Some of the posts about the Maui fires were definitely in “conspiratorial territory,” says Jennie King, head of climate research and policy at the Institute for Strategic Dialogue (ISD), a think tank which focuses on disinformation. While the commentators admit the fires are happening, they also theorize the blazes were “engineered by the pro-climate lobby in order to convince you that climate change exists, so that they can then implement their whole scale agenda to change society.”
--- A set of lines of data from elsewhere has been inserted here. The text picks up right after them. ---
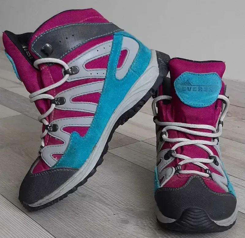 Кожаные ботинки EVEREST Хороший вариант как на каждый день, так и для походов, поездок на природу и в горы. Состояние очень хорошее, за выемкой де-не-де затёртого цвета на голубой замше. Материал: верх-натуральная замша, усаживающий специальный текстиль. Внутри: текстиль.Профессионльно прошитая обувь. Вид застежки: шнуровка. Износостойкая подошва. Сцепление отлично. Стелька 22,5 см.Размер 35. Полностью соответствуют фото!
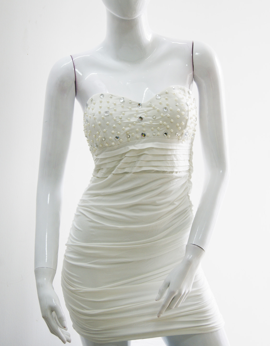 Sheathe in this Strapless Reched Beading Dress to feel sexy and get eye-services for a night out. At the moment, we have seven colors for your choose, the blue, black, white, red, rose, purple,and pink online available.This dress also with the strapless design accent with the sweetheart neckline with beading detail.
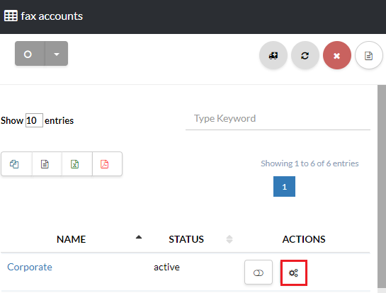 Navigate to Fax Accounts
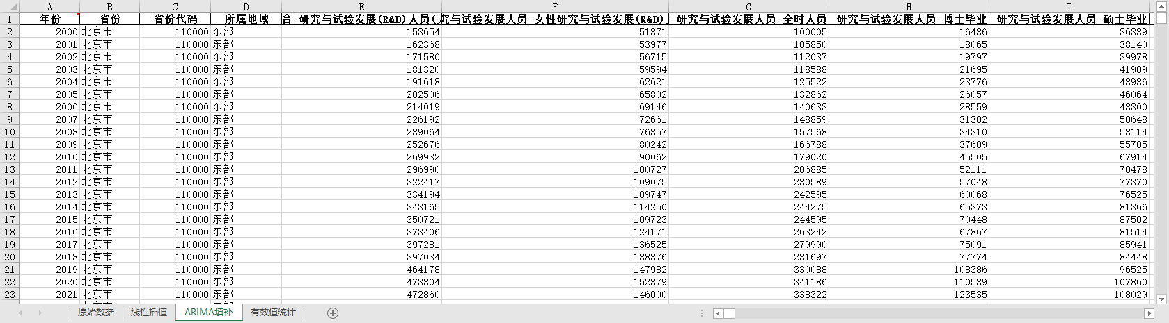 excel数据文件包原始数据(由于多年度指标不同存在缺失值)、线性插值、ARIMA填补三个版本,提供您参考使用。
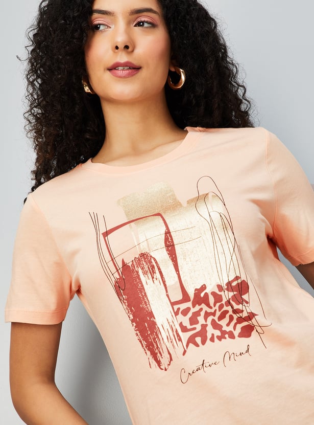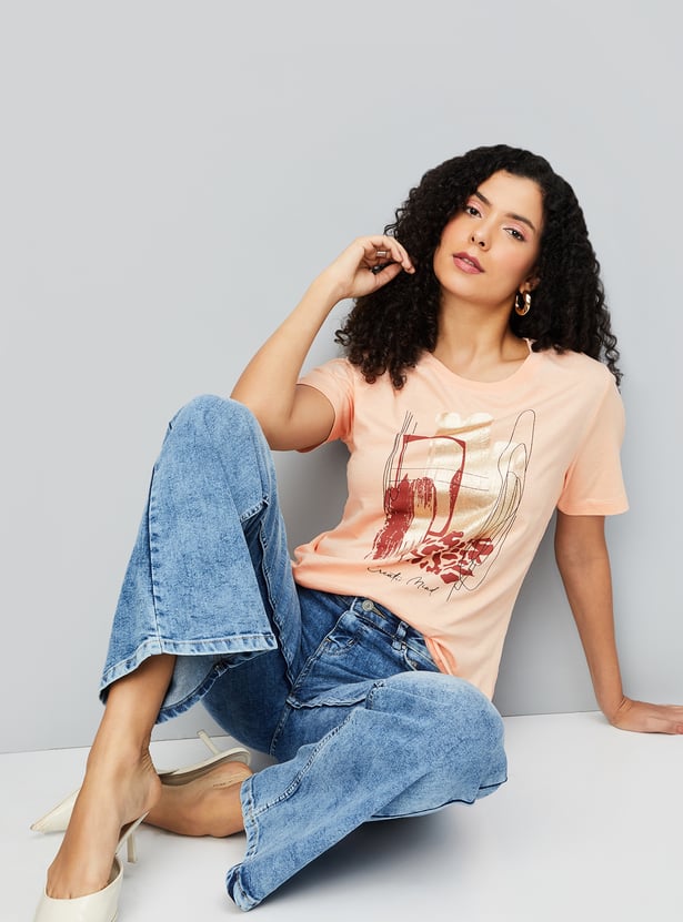 These women’s printed T-shirts feature eye-catching designs with a classic round neck and half sleeves. They offer comfort and effortless style for everyday wear.
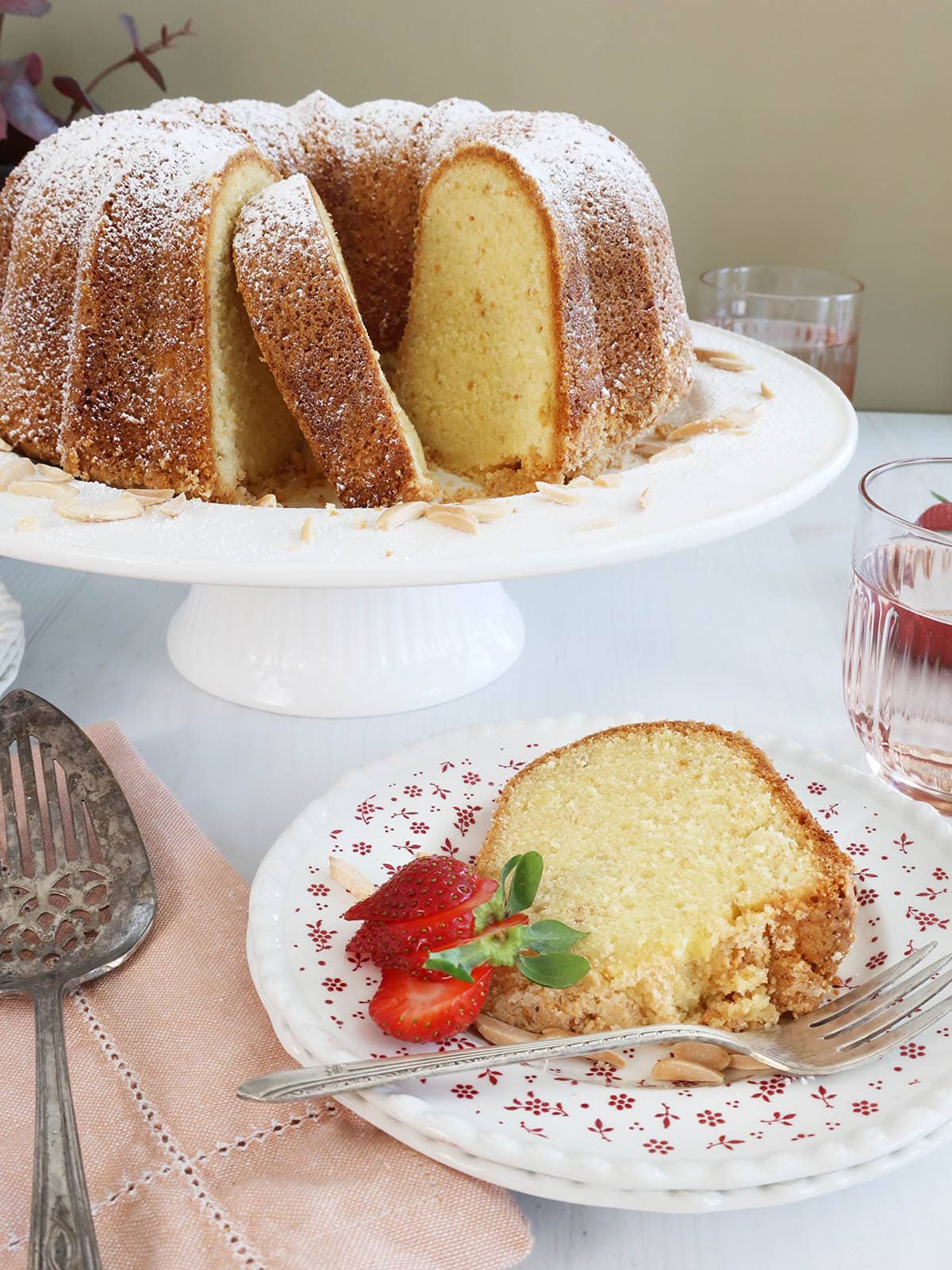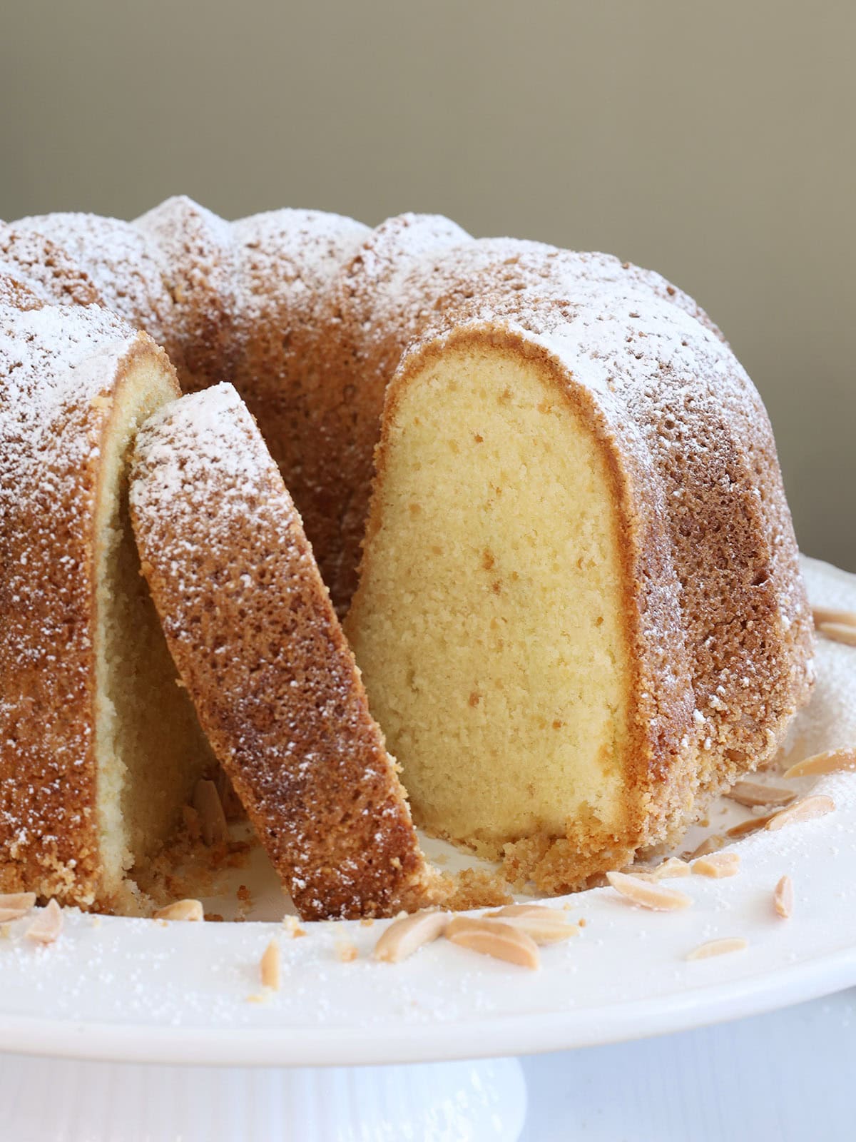 I'd like to introduce you to the best Almond Pound Cake! This tender cake was tested and retested, making it extra special. Plus, you can make it in a Bundt pan, decorative tube pan, and even loaf pans.
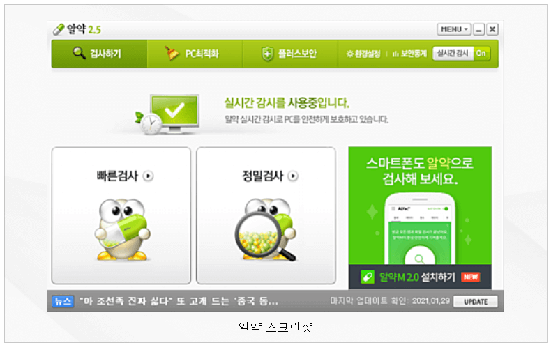 알약은 우리나라의 대표 백신 프로그램인데요. 악성코드의 탐지와 치료 기능을 제공하며, 높은 탐지율과 빠른 검사 속도를 자랑합니다.
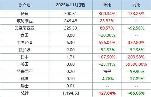The following is a breakdown of refined tin import data for November 2025, compiled from data on the official website of the General Administration of Customs of China:
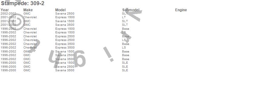 Below is an abbreviated list of applications for the Vigilante Premium Hood Protector.Express 1500, Express 2500, Express 3500, Savana 1500, Savana 2500, Savana 3500, Chevrolet, GMC, 2002, 2001, 2000, 1999, 1998, 1997, 1996
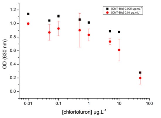 Absorbance measurements at 630 nm obtained after incubation of monoclonal antibody at 0.16 µg·L−1 with chlortoluron at concentrations ranging from 0.05 at 50 µg·L−1, and using two concentrations of biotinylated chlortoluron (ChlT-Bio) (0.005 and 0.01 µg·L−1) (assays in triplicate).
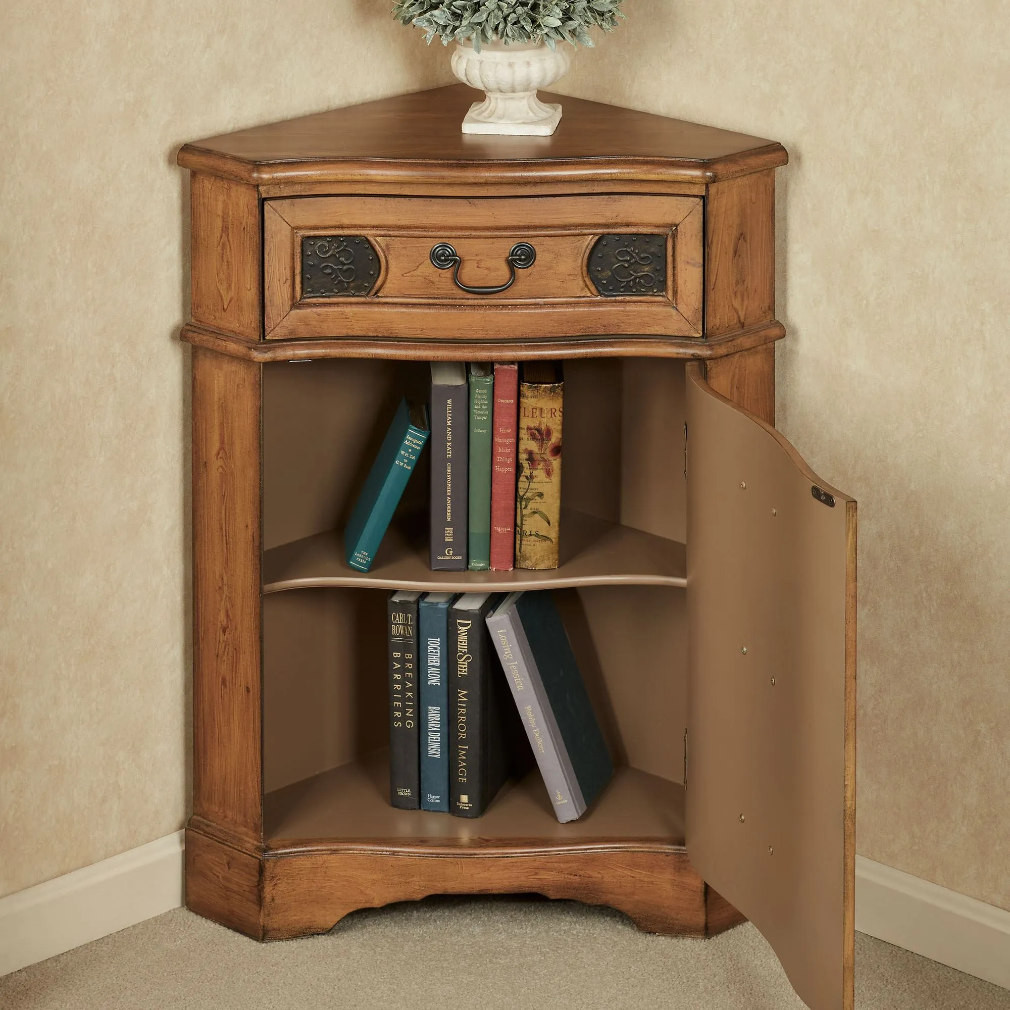 Cadiz Corner Accent Cabinet is wooden with metal hardware.

The ISD has tracked social-media commentary around three previous wildfires — in Australia in 2019, the US in 2021 and in Canada earlier this year — to monitor how the discussions relate to climate change. It found a shift from a focus on claims of arson during the Australian wildfires to a broader conspiratorial narrative during the Canadian fires, linking them to other theories like the Great Reset (which suggests Covid-19 was a coordinated plot to reform the world) and 15-minute cities (which argues that communities designed to have everything within easy walking distance are part of a sinister plot to limit people’s movements).
But what’s drawing people towards climate denial? The psychological reasons for this are multiple, says Karen Douglas, a professor of social psychology at the University of Kent. “Research suggests that people are attracted to these narratives when one or more psychological needs are threatened,” including the need to have clarity and certainty, the need to feel safe and in control, and the need to feel positive about groups you belong to, she says.
With climate change and its consequences, “people are facing a scenario that threatens these needs, and conspiracy theories offer a convenient alternative that might seem to address the threats,” she says. “If climate scientists are fabricating data and the whole thing is a hoax, then there is no threat to worry about and nobody has to take responsibility or make any changes to their behavior.”
In other words, denial is a form of self-preservation, says Stephan Lewandowsky, chair in cognitive psychology at the University of Bristol. “People who are confronted with something incredibly scary often deny it,” he says. “That is a protective mechanism that people engage in, probably unconsciously. Because it protects them from greater grief.”